## Work request:
Among the entries below, find every line that contains the string "Fashion", then copy it.

## Data shown:
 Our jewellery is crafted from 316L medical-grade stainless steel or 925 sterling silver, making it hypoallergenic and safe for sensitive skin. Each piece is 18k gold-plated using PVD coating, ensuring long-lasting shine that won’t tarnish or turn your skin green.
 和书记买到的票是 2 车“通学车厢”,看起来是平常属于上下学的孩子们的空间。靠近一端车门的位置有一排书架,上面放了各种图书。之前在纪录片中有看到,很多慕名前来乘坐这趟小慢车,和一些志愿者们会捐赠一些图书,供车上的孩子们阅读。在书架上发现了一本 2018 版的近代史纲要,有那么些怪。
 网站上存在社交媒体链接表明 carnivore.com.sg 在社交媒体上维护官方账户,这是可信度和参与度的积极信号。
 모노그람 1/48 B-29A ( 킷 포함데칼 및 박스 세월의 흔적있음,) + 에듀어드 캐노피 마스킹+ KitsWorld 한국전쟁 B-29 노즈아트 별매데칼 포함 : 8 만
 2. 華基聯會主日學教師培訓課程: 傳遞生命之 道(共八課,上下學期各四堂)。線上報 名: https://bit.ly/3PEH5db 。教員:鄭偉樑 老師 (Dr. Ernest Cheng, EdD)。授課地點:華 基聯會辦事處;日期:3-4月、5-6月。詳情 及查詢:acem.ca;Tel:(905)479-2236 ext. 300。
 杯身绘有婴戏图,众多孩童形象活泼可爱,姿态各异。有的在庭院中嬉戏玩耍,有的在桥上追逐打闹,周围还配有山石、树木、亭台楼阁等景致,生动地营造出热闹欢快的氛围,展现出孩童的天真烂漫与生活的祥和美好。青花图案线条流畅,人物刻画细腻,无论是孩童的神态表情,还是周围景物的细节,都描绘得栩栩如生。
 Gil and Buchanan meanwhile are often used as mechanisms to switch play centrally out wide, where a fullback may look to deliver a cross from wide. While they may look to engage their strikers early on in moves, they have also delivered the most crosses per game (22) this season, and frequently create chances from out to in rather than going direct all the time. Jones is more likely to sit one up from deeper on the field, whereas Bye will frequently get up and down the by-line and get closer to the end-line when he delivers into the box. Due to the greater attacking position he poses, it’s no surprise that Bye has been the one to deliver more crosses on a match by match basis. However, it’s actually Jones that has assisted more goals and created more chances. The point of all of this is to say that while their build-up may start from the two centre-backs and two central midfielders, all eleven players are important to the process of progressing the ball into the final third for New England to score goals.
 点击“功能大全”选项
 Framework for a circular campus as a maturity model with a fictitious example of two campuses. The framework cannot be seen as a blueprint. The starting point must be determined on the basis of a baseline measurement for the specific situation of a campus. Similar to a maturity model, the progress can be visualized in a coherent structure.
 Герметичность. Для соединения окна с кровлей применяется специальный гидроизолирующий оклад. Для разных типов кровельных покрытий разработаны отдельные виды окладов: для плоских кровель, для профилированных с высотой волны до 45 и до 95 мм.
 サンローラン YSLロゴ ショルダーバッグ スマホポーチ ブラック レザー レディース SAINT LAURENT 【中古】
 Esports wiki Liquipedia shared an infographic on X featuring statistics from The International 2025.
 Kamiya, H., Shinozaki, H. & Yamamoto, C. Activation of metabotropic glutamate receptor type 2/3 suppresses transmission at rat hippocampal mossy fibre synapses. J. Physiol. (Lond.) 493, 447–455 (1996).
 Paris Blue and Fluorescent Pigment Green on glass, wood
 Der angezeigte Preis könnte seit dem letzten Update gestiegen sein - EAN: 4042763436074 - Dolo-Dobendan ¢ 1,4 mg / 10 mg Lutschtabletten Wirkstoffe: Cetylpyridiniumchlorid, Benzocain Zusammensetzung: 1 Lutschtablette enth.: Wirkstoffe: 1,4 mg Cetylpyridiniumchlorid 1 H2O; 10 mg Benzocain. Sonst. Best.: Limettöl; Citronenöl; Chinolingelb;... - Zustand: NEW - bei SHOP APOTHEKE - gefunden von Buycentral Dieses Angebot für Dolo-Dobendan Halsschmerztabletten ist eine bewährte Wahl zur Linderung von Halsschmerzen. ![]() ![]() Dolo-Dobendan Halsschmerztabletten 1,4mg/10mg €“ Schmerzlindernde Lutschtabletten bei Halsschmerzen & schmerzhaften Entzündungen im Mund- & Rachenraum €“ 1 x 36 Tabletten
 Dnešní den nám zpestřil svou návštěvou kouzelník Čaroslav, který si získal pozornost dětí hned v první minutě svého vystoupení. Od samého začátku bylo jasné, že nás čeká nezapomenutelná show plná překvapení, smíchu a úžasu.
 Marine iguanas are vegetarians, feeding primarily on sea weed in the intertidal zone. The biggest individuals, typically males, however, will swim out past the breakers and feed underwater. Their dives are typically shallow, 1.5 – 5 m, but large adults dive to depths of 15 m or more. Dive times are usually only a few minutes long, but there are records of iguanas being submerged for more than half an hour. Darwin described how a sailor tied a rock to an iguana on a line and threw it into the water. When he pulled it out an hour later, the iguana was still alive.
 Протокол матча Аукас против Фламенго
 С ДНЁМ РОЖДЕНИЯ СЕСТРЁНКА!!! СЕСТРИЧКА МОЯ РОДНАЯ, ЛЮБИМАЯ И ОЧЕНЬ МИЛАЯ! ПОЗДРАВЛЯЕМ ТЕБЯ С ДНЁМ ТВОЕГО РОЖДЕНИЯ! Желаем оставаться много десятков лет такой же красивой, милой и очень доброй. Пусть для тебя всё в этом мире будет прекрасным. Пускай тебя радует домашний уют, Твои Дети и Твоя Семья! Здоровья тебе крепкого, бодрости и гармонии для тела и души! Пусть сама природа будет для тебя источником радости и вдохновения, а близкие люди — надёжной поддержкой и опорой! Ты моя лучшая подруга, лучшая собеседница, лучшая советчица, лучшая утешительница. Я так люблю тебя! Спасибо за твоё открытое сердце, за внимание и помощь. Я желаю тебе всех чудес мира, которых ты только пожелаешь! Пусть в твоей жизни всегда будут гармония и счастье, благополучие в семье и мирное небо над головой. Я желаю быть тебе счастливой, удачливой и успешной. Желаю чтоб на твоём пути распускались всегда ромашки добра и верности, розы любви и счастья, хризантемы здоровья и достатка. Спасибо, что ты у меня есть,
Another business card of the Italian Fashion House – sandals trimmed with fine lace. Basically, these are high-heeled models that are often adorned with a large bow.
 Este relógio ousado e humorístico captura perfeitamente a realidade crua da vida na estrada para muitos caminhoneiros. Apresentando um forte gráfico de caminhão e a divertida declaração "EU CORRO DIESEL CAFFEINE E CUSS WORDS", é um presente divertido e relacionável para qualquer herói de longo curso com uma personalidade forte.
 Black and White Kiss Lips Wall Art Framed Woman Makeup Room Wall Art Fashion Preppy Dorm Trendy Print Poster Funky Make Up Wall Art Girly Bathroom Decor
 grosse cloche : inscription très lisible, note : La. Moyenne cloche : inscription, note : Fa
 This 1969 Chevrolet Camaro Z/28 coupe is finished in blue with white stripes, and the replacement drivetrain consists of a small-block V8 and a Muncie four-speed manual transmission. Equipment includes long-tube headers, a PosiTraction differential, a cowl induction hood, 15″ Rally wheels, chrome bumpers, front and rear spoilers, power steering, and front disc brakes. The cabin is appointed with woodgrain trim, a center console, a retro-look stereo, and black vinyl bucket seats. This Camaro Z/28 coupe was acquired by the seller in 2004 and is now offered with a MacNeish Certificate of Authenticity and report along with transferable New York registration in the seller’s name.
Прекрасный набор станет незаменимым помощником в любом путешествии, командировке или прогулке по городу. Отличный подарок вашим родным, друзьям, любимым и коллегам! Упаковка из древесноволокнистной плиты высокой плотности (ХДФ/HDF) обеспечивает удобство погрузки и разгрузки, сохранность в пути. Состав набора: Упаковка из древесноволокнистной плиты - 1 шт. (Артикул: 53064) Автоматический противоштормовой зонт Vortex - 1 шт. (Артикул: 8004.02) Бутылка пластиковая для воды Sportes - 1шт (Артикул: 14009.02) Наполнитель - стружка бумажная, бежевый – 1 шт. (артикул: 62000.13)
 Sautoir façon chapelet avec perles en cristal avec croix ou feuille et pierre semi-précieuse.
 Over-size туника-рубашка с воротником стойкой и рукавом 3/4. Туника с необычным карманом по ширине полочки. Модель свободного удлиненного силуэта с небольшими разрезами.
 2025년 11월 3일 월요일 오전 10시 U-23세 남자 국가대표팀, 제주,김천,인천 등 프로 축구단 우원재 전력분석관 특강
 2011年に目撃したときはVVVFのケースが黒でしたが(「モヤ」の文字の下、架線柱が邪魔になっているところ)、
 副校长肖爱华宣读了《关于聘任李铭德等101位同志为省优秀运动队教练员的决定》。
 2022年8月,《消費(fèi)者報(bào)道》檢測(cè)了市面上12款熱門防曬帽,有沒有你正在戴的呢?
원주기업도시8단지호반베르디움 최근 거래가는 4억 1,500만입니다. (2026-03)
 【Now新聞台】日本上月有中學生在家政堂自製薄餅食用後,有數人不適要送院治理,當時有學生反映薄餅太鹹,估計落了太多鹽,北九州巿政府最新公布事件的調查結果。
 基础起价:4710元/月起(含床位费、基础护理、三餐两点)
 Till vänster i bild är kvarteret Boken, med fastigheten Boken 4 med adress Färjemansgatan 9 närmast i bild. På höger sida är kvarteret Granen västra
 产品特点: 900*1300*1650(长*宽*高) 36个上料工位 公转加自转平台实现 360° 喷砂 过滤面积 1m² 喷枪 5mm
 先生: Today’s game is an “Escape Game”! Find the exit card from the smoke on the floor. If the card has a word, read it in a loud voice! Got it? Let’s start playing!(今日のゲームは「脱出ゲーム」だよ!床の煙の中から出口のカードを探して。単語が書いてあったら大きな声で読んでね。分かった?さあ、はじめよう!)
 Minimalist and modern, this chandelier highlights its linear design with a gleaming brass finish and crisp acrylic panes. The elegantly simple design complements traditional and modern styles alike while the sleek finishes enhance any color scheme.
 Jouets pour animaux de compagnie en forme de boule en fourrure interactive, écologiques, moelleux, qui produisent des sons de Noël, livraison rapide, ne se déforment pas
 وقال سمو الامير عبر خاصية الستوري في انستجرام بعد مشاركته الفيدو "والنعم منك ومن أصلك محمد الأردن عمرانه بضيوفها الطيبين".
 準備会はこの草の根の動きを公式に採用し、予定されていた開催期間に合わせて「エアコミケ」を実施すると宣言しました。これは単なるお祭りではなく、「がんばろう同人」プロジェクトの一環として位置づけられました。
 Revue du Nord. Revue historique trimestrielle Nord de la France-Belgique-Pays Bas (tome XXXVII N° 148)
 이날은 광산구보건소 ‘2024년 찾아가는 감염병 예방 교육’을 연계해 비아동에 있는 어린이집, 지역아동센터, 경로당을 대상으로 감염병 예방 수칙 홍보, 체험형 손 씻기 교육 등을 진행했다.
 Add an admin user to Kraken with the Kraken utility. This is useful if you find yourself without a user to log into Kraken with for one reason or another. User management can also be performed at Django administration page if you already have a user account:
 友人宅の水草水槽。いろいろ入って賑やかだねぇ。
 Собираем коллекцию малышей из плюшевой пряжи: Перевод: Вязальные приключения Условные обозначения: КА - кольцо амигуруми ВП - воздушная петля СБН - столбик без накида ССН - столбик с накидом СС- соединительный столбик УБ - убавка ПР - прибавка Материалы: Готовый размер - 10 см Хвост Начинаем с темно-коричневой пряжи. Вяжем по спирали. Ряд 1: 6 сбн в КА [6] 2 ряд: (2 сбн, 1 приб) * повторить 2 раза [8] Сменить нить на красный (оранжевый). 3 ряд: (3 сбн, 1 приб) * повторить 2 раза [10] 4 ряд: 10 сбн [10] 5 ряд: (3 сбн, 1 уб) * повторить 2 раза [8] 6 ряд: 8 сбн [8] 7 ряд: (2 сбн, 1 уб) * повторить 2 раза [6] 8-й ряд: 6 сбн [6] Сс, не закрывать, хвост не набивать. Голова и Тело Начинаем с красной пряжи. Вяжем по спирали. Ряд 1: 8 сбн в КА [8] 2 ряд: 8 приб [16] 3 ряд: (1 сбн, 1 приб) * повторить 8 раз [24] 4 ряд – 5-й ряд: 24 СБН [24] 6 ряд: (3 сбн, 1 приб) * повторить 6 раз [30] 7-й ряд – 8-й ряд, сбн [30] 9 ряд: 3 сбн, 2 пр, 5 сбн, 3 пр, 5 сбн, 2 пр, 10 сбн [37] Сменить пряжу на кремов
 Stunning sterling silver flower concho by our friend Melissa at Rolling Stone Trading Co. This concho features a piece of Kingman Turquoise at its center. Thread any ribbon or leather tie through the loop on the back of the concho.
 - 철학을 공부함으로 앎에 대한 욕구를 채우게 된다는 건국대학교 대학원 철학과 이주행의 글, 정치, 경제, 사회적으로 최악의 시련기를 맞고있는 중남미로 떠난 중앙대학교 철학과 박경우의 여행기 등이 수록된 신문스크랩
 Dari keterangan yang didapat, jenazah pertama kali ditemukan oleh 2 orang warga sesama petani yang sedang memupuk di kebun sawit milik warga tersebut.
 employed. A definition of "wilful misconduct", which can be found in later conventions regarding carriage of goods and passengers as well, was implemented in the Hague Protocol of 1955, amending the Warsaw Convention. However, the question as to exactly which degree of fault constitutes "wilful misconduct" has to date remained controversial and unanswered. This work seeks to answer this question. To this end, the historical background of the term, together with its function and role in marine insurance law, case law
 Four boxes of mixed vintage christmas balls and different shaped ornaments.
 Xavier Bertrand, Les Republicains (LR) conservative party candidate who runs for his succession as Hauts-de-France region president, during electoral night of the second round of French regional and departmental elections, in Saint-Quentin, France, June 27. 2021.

## Exercise answer:
Another business card of the Italian Fashion House – sandals trimmed with fine lace. Basically, these are high-heeled models that are often adorned with a large bow.
 Black and White Kiss Lips Wall Art Framed Woman Makeup Room Wall Art Fashion Preppy Dorm Trendy Print Poster Funky Make Up Wall Art Girly Bathroom Decor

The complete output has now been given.